During my summer holiday I’ve mainly been working on making the Emacs networking layer more asynchronous.
To set up a connection, you first have to do DNS resolution, then the TCP three way handshake to set up a socket, and then (if you’re setting up a TLS connection) do the TLS negotiation. Then you can start talking to the server. Up until now, only the middle bit (setting up the socket) has been non-blocking, while the two bits at either end have blocked the main Emacs execution thread.
This means that when eww, the Emacs web browser, wants to download and insert an image into the buffer, the user experience got kinda choppy. The DNS resolution might take a while, and when talking to far away servers, the TLS negotiation certainly took some time.
By adding code based on the glibc getaddrinfo_a library function, the first problem was solved.
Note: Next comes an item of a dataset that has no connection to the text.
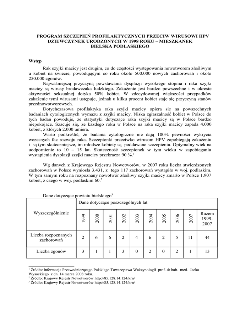 PROGRAM SZCZEPIEŃ PROFILAKTYCZNYCH PRZECIW WIRUSOWI HPV DZIEWCZYNEK URODZONYCH W 1998 ROKU – MIESZKANEK BIELSKA PODLASKIEGO Wstęp Rak szyjki macicy jest drugim, co do częstości występowania nowotworem złośliwym u kobiet na świecie, powodującym co roku około 500.000 nowych zachorowań i około 250.000 zgonów. Najważniejszą przyczyną powstawania dysplazji wysokiego stopnia i raka szyjki macicy są wirusy brodawczaka ludzkiego. Zakażenie jest bardzo powszechne i w okresie aktywności seksualnej dotyka 50% kobiet. W zdecydowanej większości przypadków zakażenie tymi wirusami ustępuje, jednak u kilku procent kobiet staje się przyczyną stanów przednowotworowych. Dotychczasowa profilaktyka raka szyjki macicy opiera się na powszechnych badaniach cytologicznych wymazu z szyjki macicy. Niska zgłaszalność kobiet w Polsce do tych badań powoduje, że statystyki dotyczące raka szyjki macicy są w Polsce bardzo niepokojace. Szacuje się, że każdego roku w Polsce na raka szyjki macicy zapada 4.000 kobiet, z których 2.000 umiera. Warto podkreślić, że badania cytologiczne nie dają 100% pewności wykrycia wczesnych faz rozwoju raka. Szczepionki przeciwko wirusom HPV zapobiegają zakażeniu i są tym skuteczniejsze, im młodsze kobiety są poddawane szczepieniu. Optymalny wiek na uodpornienie to 10 – 15 lat. Skuteczność szczepionek w tym wieku w zapobieganiu wystąpienia dysplazji szyjki macicy przekracza 90 %.1 Wg danych z Krajowego Rejestru Nowotworów, w 2007 roku liczba stwierdzonych zachorowań w Polsce wyniosła 3.431, z tego 117 zachorowań wystąpiło w woj. podlaskim. W tym samym roku na rozpoznany nowotwór złośliwy szyjki macicy zmarło w Polsce 1.907 kobiet, z czego w woj. podlaskim 60.2 Dane dotyczące powiatu bielskiego3 Dane dotyczące poszczególnych lat 1 1999 2000 2001 2002 2003 2004 2005 2006 2007 Wyszczególnienie Razem 19992007 Liczba rozpoznanych zachorowań 2 6 6 2 4 6 2 5 11 44 Liczba zgonów 3 1 1 3 0 2 0 2 1 13 Źródło: informacja Przewodniczącego Polskiego Towarzystwa Wakcynologii prof. dr hab. med. Jacka Wysockiego z dn. 14 marca 2008 roku. 2 Źródło: Krajowy Rejestr Nowotworów http://85.128.14.124/krn/ 3 Źródło: Krajowy Rejestr Nowotworów http://85.128.14.124/krn/ I. Podstawa prawna programu Podstawę prawną programu stanowi art. 7 ust 1, pkt 1 ustawy z dnia 27 sierpnia 2004 r. o świadczeniach opieki zdrowotnej finansowanych ze środków publicznych (Dz. U. z 2008 r. Nr 164, poz. 1027 z późn. zm.), zgodnie z którym do zadań własnych gminy w zakresie zapewnienia równego dostępu do świadczeń opieki zdrowotnej należy w szczególności opracowanie i realizacja oraz ocena efektów programów zdrowotnych wynikających z rozpoznanych potrzeb zdrowotnych i stanu zdrowia mieszkańców gminy. W ramach realizacji programu zakłada się: 1) prowadzenie akcji informacyjno - edukacyjnej wśród rodziców (opiekunów prawnych) uczennic szkół podstawowych objętych programem, 2) przeprowadzenie szczepień profilaktycznych przeciw rakowi szyjki macicy dziewczynek urodzonych w 1998 roku – mieszkanek Bielska Podlaskiego. II. Cel programu Głównym celem programu jest zapobieganie zachorowaniom na raka szyjki macicy wśród populacji dziewczynek urodzonych w 1998 roku poprzez wykonanie szczepień ochronnych w celu zaspokojenia zbiorowych potrzeb mieszkańców miasta Bielsk Podlaski. Ponadto realizacja programu ma na celu uświadomienie społeczności lokalnej znaczenia pierwotnej profilaktyki raka szyjki macicy oraz w późniejszym etapie badań cytologicznych. III. Beneficjenci programu Beneficjentami końcowymi programu (osoby, których bezpośrednio dotyczy program) są dziewczynki - mieszkanki Bielska Podlaskiego. W 2010 roku programem zostanie objęta populacja dziewczynek urodzonych w 1998 roku. Zakłada się, iż w 2010 roku przy zapewnieniu równego dostępu do świadczeń, przewidywana liczba uprawnionych do objęcia programem wyniesie 118 osób.4 IV. Sposób realizacji i finansowania programu Organem przygotowującym i koordynującym program jest Burmistrz Miasta Bielsk Podlaski. Odpowiedzialnym za realizację programu jest Referat Oświaty i Kultury Urzędu Miasta Bielsk Podlaski. Program będzie realizowany we współpracy ze szkołami podstawowymi w Bielsku Podlaskim. Finansowanie programu: ze środków budżetu miasta zaplanowanych w dziale 851 rozdział 85195. Realizatorzy programu – podmioty upoważnione na podstawie odrębnych przepisów do świadczenia usług zdrowotnych dysponujące punktem szczepień na terenie miasta Bielsk Podlaski zostaną wyłonione w drodze konkursu ofert. Realizacja programu polega na: • przeprowadzeniu akcji informacyjno – edukacyjnej • uzyskaniu pisemnej zgody od rodzica lub opiekuna prawnego na wykonanie cyklu szczepień • badaniu lekarskim i kwalifikacji do szczepienia • wykonaniu pełnego cyklu szczepienia • dokonaniu stosownych wpisów potwierdzających wykonanie szczepień w dokumentacji medycznej. 4 Źródło: Dane z Referatu Spraw Obywatelskich UM Bielsk Podlaski V. Harmonogram realizacji programu Lp. Zadanie 1. Przyjęcie programu 2. Ogłoszenie i rozstrzygnięcie konkursu ofert 3. Przeprowadzenie akcji informacyjnoedukacyjnej 4. Szczepienia ochronne 5. Rozliczenie merytoryczne i finansowe programu Termin realizacji marzec 2010 r. lipiec – sierpień 2010 r. wrzesień 2010 r. wrzesień 2010 r. – kwiecień 2011 r. maj 2011 r. VI. Monitoring programu Realizacja programu będzie na bieżąco monitorowana przez Referat Oświaty i Kultury Urzędu Miasta Bielsk Podlaski. Zakresem monitoringu zostaną objęte: • przebieg akcji informacyjno-edukacyjnej, w tym rzetelnego informowania i uświadamiania beneficjentów programu, że szczepienia nie eliminują ani nie zmniejszają potrzeby wykonania regularnych cytologicznych badań profilaktycznych zgodnie z obecnie obowiązującymi zaleceniami, • szczepienia ochronne, • dokumentacja medyczna po zakończeniu szczepień

By calling the gnutls negotiation code from the Emacs event loop, the final problem was solved.
Behold! I’m here reloading a Norwegian web page where most of the images are fetched via https (i.e., TLS):
I’m in Australia, so the networking all the way to Norway is s-l-o-w. Especially since these are TLS connections. Lots of chatter back and forth. As you can see from the cursor movement, there’s no noticable choppiness. Trying the same on this web page before the async patch went it is pretty horrible.
Yay. And it was only a 3200 line diff. Ok, ok, most of that was chopping up lots of 700 line functions into slightly less ridiculously long functions, but eek.